Problem to work on: Each entry should be given again exactly, with any image left out.

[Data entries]
↓↓↓

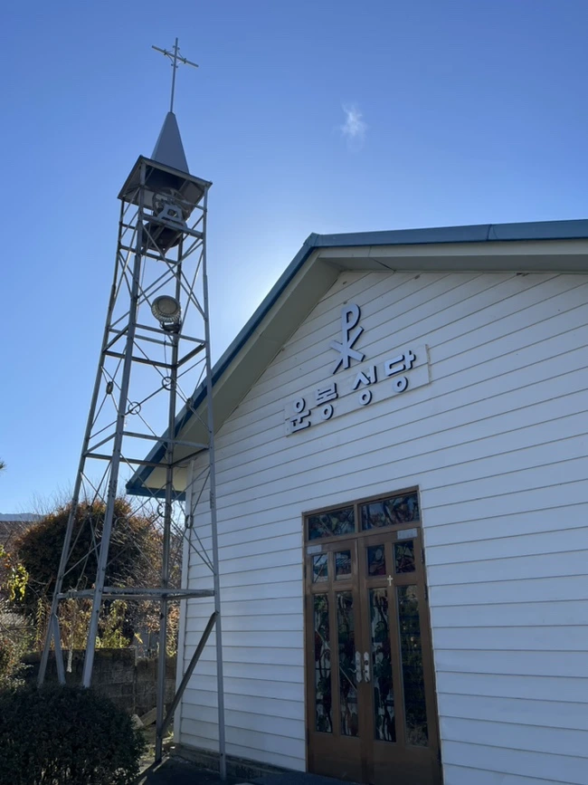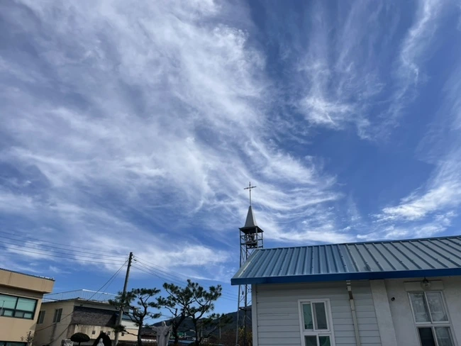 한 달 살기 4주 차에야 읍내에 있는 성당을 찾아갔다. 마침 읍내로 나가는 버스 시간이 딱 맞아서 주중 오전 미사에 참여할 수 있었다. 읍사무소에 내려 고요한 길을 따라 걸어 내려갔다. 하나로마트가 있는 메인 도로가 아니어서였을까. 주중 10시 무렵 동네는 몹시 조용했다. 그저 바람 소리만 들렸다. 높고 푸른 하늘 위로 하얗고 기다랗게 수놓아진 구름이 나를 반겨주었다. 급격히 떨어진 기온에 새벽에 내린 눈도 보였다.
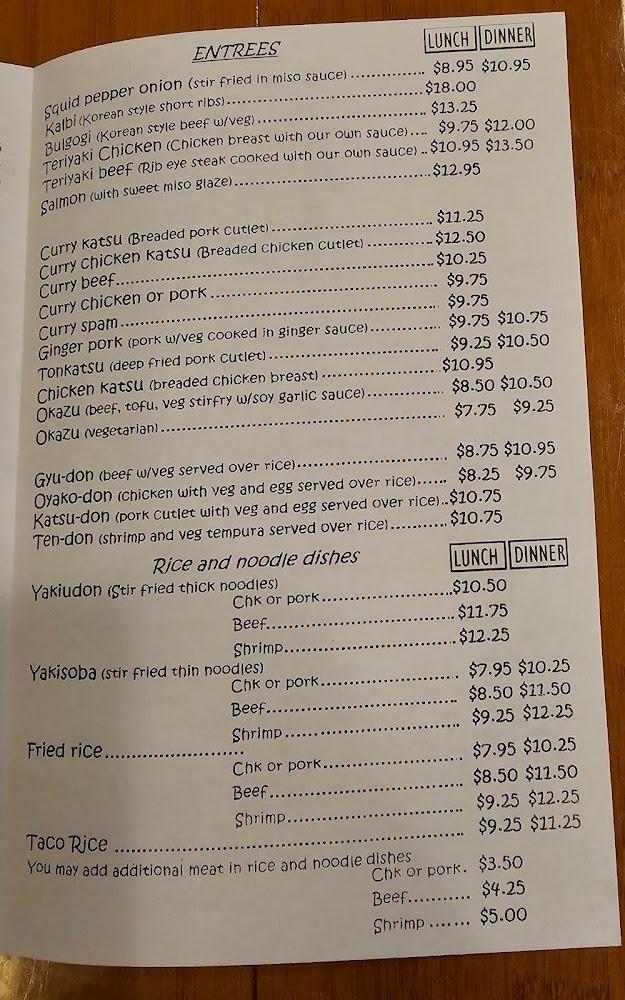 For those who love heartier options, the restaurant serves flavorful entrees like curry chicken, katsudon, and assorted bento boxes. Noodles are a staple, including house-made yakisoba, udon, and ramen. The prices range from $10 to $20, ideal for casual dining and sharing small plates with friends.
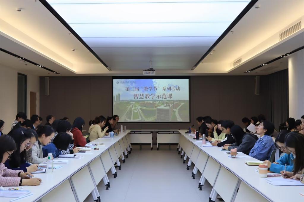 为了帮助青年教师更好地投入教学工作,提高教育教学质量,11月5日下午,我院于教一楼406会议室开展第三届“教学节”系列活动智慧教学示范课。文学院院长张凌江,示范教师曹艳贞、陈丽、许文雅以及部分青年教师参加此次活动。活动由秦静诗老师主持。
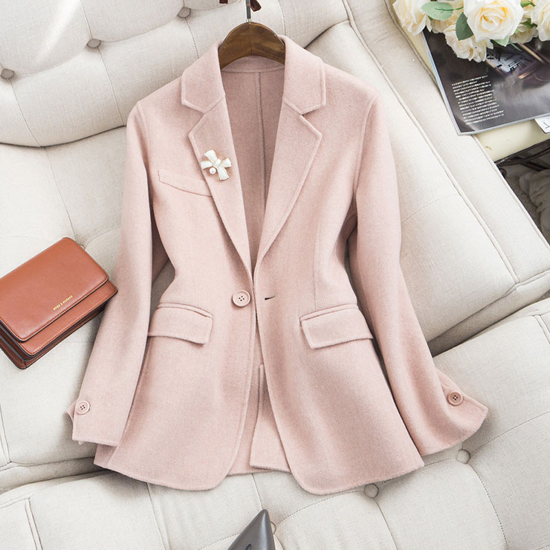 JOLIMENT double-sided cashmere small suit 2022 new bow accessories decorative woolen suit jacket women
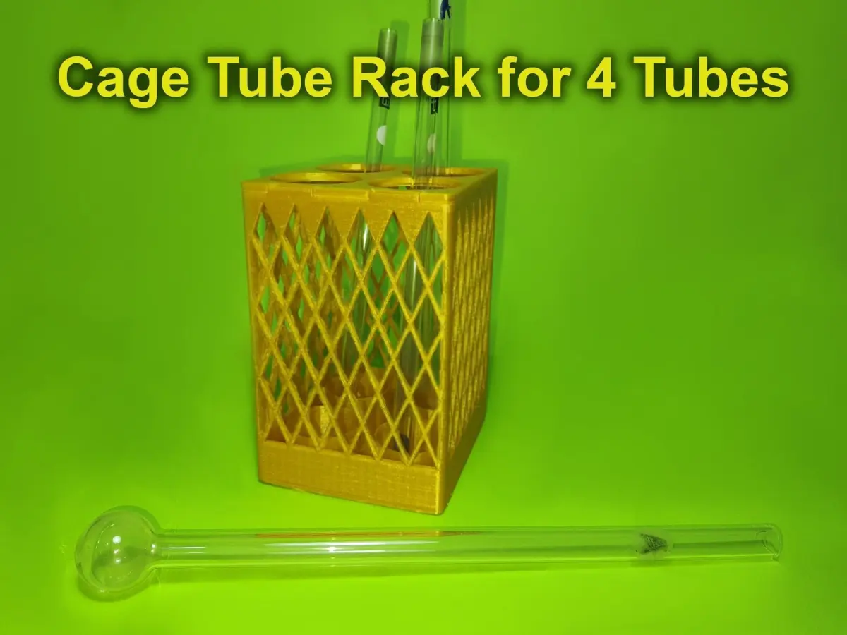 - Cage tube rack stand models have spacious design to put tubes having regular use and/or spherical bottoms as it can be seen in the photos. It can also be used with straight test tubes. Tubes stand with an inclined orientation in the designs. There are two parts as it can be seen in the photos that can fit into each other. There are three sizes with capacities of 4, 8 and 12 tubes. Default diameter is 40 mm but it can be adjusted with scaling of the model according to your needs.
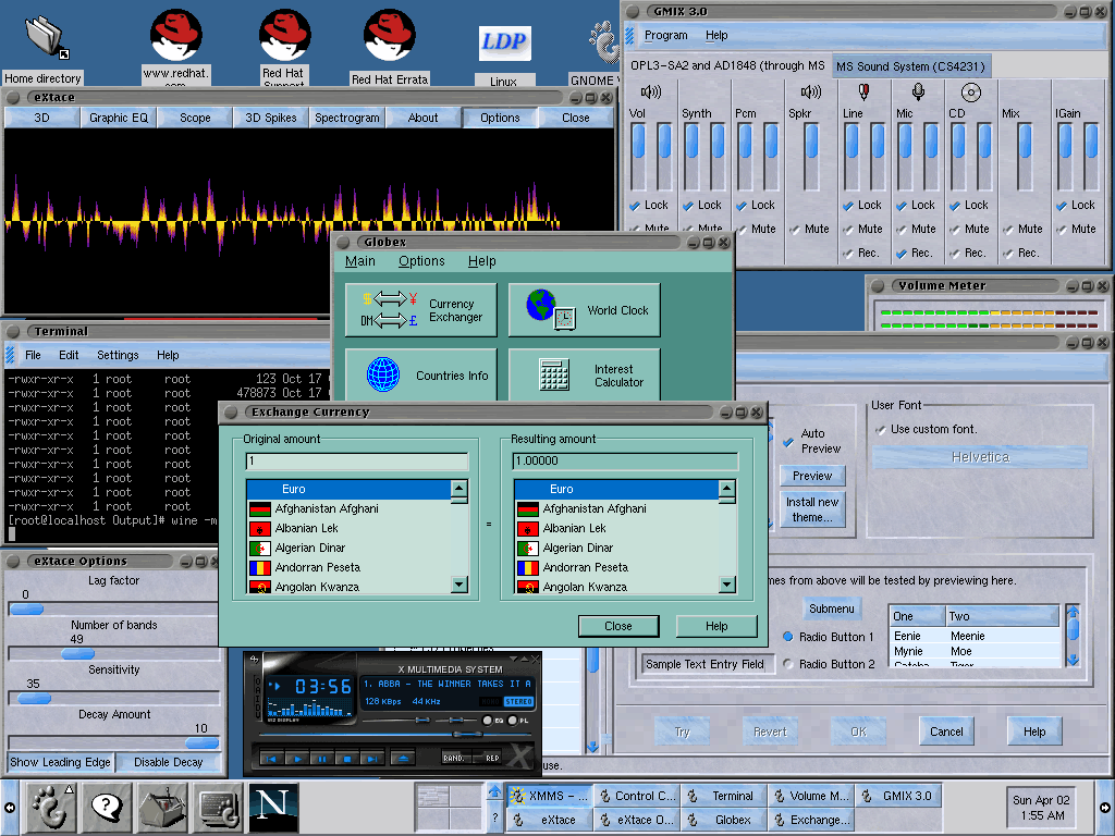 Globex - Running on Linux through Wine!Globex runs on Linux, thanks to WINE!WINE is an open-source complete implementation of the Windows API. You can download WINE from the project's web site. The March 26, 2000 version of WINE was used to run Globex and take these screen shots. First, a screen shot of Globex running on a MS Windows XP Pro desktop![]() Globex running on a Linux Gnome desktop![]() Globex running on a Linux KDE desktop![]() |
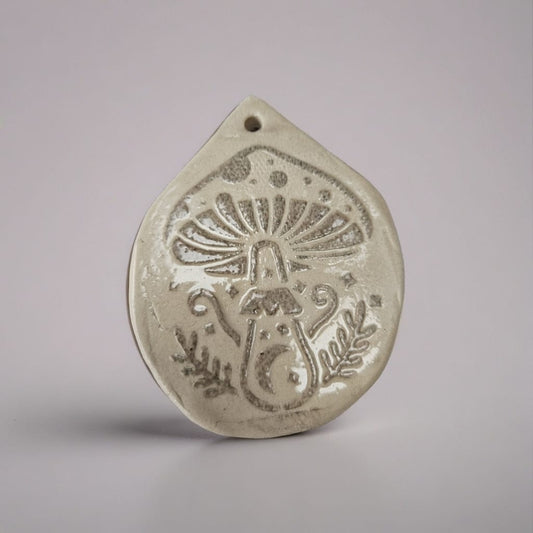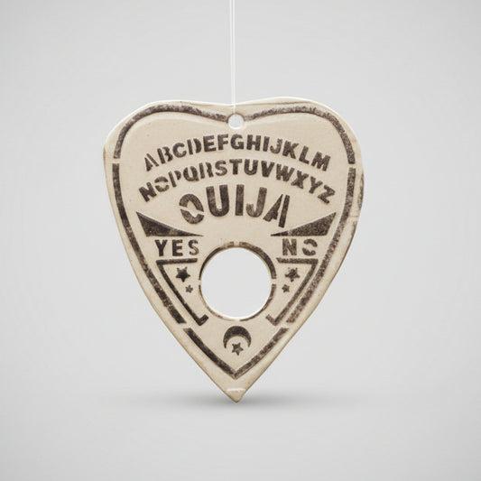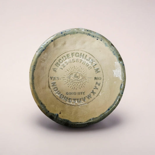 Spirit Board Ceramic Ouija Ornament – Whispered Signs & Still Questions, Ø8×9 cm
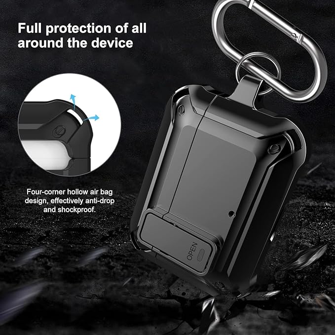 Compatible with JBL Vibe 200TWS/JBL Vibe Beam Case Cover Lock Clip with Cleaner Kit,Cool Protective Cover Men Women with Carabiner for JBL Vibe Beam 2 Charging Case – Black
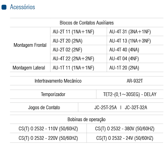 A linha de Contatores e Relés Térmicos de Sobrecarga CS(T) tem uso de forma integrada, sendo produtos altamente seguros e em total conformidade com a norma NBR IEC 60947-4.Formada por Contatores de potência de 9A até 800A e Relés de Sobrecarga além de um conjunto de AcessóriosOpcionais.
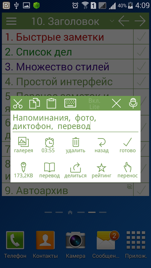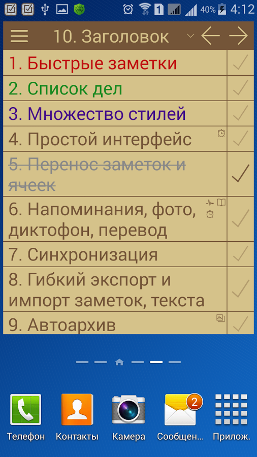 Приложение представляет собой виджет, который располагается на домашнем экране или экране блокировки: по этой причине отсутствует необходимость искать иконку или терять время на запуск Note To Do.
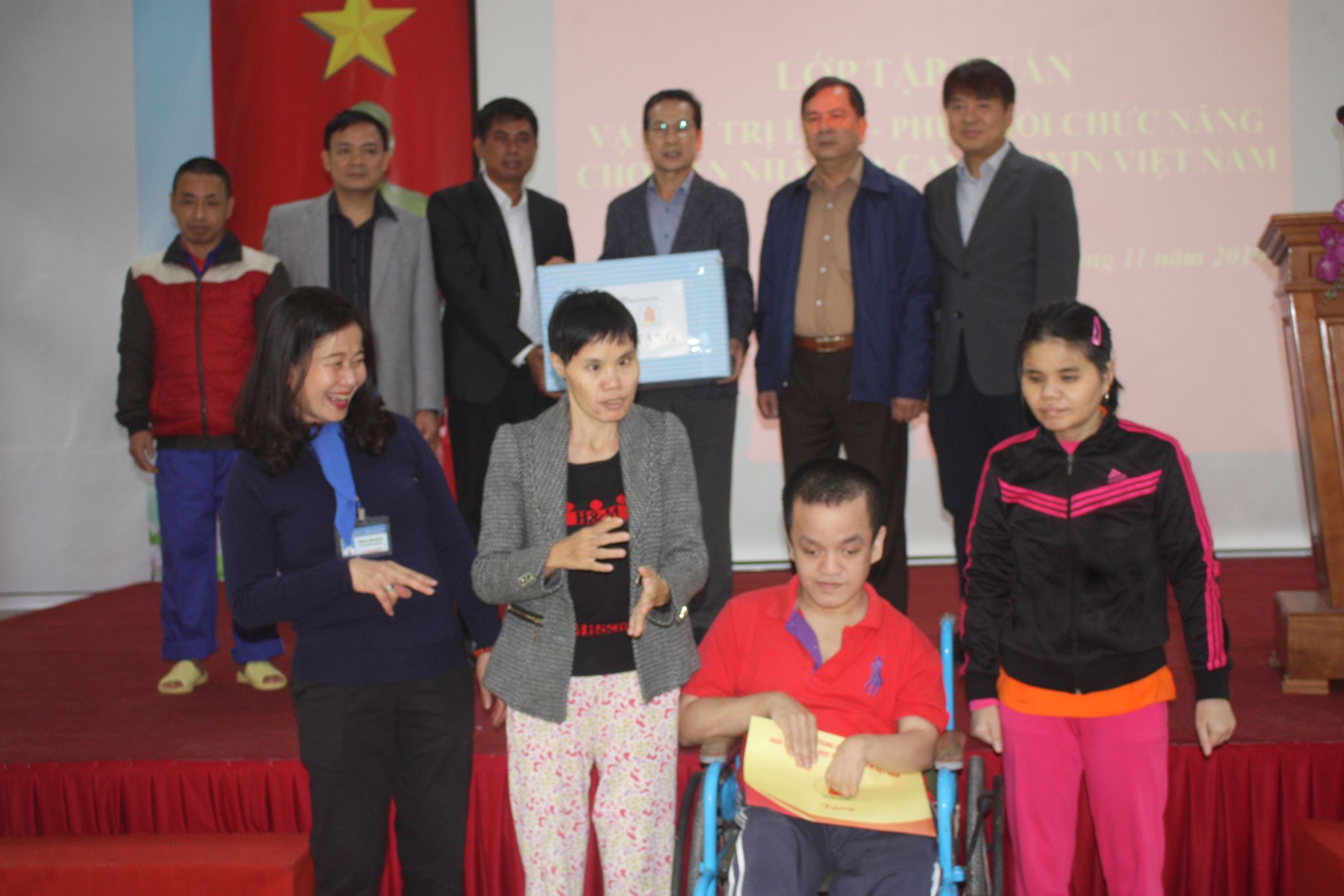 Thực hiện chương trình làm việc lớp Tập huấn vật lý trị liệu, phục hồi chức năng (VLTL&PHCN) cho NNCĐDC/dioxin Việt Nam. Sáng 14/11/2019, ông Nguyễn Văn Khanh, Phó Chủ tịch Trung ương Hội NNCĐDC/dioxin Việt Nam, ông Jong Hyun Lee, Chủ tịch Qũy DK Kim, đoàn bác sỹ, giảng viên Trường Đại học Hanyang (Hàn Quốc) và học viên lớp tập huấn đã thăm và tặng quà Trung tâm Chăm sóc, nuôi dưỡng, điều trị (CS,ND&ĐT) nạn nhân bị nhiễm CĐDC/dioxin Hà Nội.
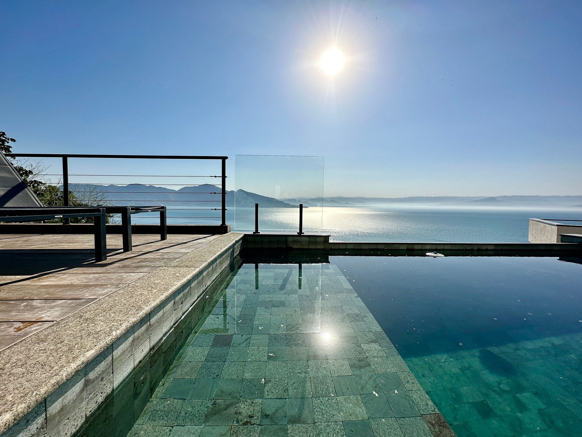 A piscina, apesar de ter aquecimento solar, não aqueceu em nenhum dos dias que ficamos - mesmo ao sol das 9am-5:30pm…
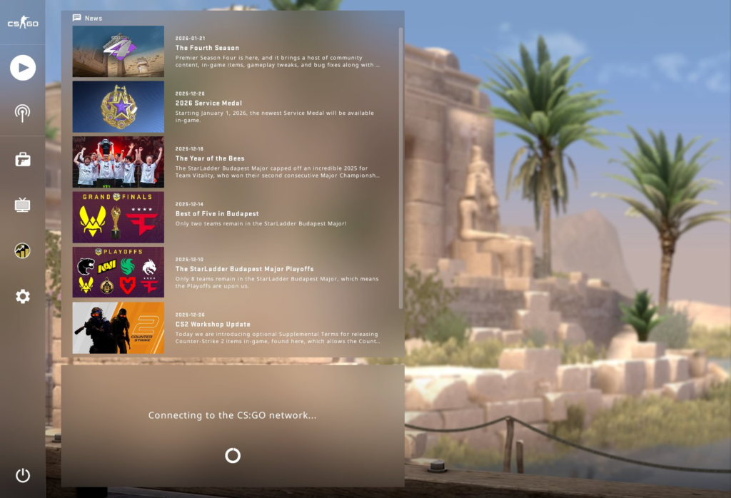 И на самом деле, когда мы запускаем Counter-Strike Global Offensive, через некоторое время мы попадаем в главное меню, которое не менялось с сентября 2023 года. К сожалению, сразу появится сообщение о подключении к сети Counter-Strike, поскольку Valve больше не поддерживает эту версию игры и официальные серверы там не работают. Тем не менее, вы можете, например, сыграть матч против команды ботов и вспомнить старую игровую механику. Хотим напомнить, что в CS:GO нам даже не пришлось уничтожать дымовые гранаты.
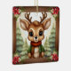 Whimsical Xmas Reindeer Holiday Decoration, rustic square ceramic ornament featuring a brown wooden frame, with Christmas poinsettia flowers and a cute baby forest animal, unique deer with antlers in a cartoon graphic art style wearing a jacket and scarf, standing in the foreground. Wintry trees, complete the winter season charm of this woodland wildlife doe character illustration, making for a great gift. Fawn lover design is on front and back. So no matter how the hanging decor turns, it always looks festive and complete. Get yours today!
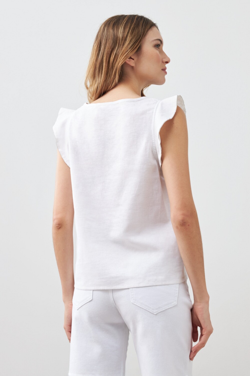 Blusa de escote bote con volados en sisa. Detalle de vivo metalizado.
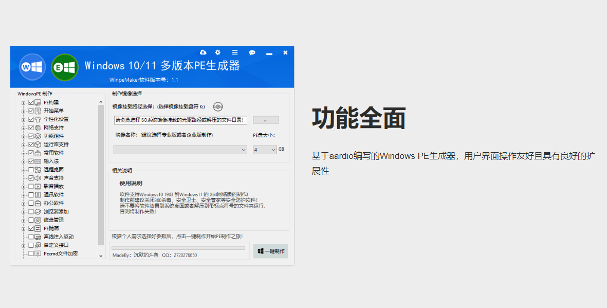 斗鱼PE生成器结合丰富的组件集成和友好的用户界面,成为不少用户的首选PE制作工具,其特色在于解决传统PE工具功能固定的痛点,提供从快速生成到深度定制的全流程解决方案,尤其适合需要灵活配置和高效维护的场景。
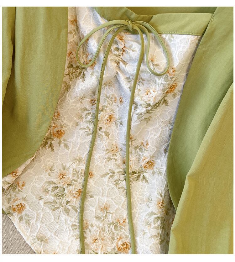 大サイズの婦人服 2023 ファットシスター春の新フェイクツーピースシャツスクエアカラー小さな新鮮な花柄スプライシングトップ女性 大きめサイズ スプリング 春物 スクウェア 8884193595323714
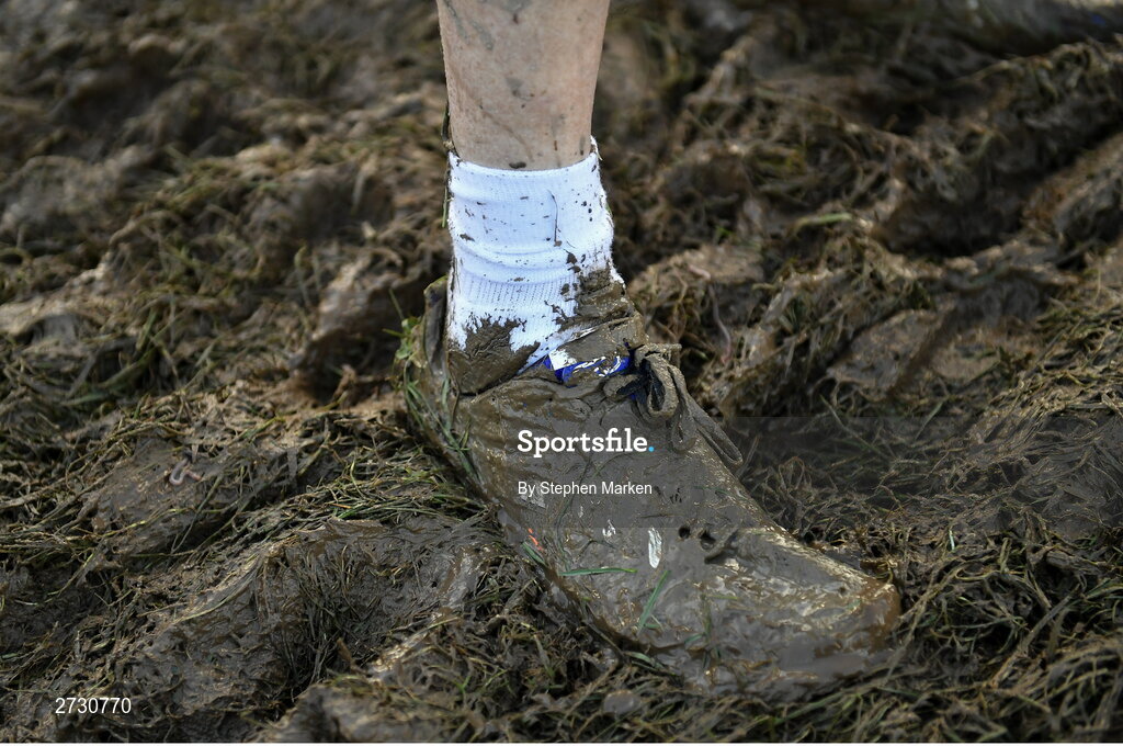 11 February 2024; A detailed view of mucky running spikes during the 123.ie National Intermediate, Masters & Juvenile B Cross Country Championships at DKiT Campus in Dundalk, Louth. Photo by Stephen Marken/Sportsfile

↑↑↑

Exercise solution:
 한 달 살기 4주 차에야 읍내에 있는 성당을 찾아갔다. 마침 읍내로 나가는 버스 시간이 딱 맞아서 주중 오전 미사에 참여할 수 있었다. 읍사무소에 내려 고요한 길을 따라 걸어 내려갔다. 하나로마트가 있는 메인 도로가 아니어서였을까. 주중 10시 무렵 동네는 몹시 조용했다. 그저 바람 소리만 들렸다. 높고 푸른 하늘 위로 하얗고 기다랗게 수놓아진 구름이 나를 반겨주었다. 급격히 떨어진 기온에 새벽에 내린 눈도 보였다.
 For those who love heartier options, the restaurant serves flavorful entrees like curry chicken, katsudon, and assorted bento boxes. Noodles are a staple, including house-made yakisoba, udon, and ramen. The prices range from $10 to $20, ideal for casual dining and sharing small plates with friends.
 为了帮助青年教师更好地投入教学工作,提高教育教学质量,11月5日下午,我院于教一楼406会议室开展第三届“教学节”系列活动智慧教学示范课。文学院院长张凌江,示范教师曹艳贞、陈丽、许文雅以及部分青年教师参加此次活动。活动由秦静诗老师主持。
 JOLIMENT double-sided cashmere small suit 2022 new bow accessories decorative woolen suit jacket women
 - Cage tube rack stand models have spacious design to put tubes having regular use and/or spherical bottoms as it can be seen in the photos. It can also be used with straight test tubes. Tubes stand with an inclined orientation in the designs. There are two parts as it can be seen in the photos that can fit into each other. There are three sizes with capacities of 4, 8 and 12 tubes. Default diameter is 40 mm but it can be adjusted with scaling of the model according to your needs.
 Globex - Running on Linux through Wine!Globex runs on Linux, thanks to WINE!WINE is an open-source complete implementation of the Windows API. You can download WINE from the project's web site. The March 26, 2000 version of WINE was used to run Globex and take these screen shots. First, a screen shot of Globex running on a MS Windows XP Pro desktop![]() Globex running on a Linux Gnome desktop![]() Globex running on a Linux KDE desktop![]() |
 Spirit Board Ceramic Ouija Ornament – Whispered Signs & Still Questions, Ø8×9 cm
 Compatible with JBL Vibe 200TWS/JBL Vibe Beam Case Cover Lock Clip with Cleaner Kit,Cool Protective Cover Men Women with Carabiner for JBL Vibe Beam 2 Charging Case – Black
 A linha de Contatores e Relés Térmicos de Sobrecarga CS(T) tem uso de forma integrada, sendo produtos altamente seguros e em total conformidade com a norma NBR IEC 60947-4.Formada por Contatores de potência de 9A até 800A e Relés de Sobrecarga além de um conjunto de AcessóriosOpcionais.
 Приложение представляет собой виджет, который располагается на домашнем экране или экране блокировки: по этой причине отсутствует необходимость искать иконку или терять время на запуск Note To Do.
 Thực hiện chương trình làm việc lớp Tập huấn vật lý trị liệu, phục hồi chức năng (VLTL&PHCN) cho NNCĐDC/dioxin Việt Nam. Sáng 14/11/2019, ông Nguyễn Văn Khanh, Phó Chủ tịch Trung ương Hội NNCĐDC/dioxin Việt Nam, ông Jong Hyun Lee, Chủ tịch Qũy DK Kim, đoàn bác sỹ, giảng viên Trường Đại học Hanyang (Hàn Quốc) và học viên lớp tập huấn đã thăm và tặng quà Trung tâm Chăm sóc, nuôi dưỡng, điều trị (CS,ND&ĐT) nạn nhân bị nhiễm CĐDC/dioxin Hà Nội.
 A piscina, apesar de ter aquecimento solar, não aqueceu em nenhum dos dias que ficamos - mesmo ao sol das 9am-5:30pm…
 И на самом деле, когда мы запускаем Counter-Strike Global Offensive, через некоторое время мы попадаем в главное меню, которое не менялось с сентября 2023 года. К сожалению, сразу появится сообщение о подключении к сети Counter-Strike, поскольку Valve больше не поддерживает эту версию игры и официальные серверы там не работают. Тем не менее, вы можете, например, сыграть матч против команды ботов и вспомнить старую игровую механику. Хотим напомнить, что в CS:GO нам даже не пришлось уничтожать дымовые гранаты.
 Whimsical Xmas Reindeer Holiday Decoration, rustic square ceramic ornament featuring a brown wooden frame, with Christmas poinsettia flowers and a cute baby forest animal, unique deer with antlers in a cartoon graphic art style wearing a jacket and scarf, standing in the foreground. Wintry trees, complete the winter season charm of this woodland wildlife doe character illustration, making for a great gift. Fawn lover design is on front and back. So no matter how the hanging decor turns, it always looks festive and complete. Get yours today!
 Blusa de escote bote con volados en sisa. Detalle de vivo metalizado.
 斗鱼PE生成器结合丰富的组件集成和友好的用户界面,成为不少用户的首选PE制作工具,其特色在于解决传统PE工具功能固定的痛点,提供从快速生成到深度定制的全流程解决方案,尤其适合需要灵活配置和高效维护的场景。
 大サイズの婦人服 2023 ファットシスター春の新フェイクツーピースシャツスクエアカラー小さな新鮮な花柄スプライシングトップ女性 大きめサイズ スプリング 春物 スクウェア 8884193595323714
 11 February 2024; A detailed view of mucky running spikes during the 123.ie National Intermediate, Masters & Juvenile B Cross Country Championships at DKiT Campus in Dundalk, Louth. Photo by Stephen Marken/Sportsfile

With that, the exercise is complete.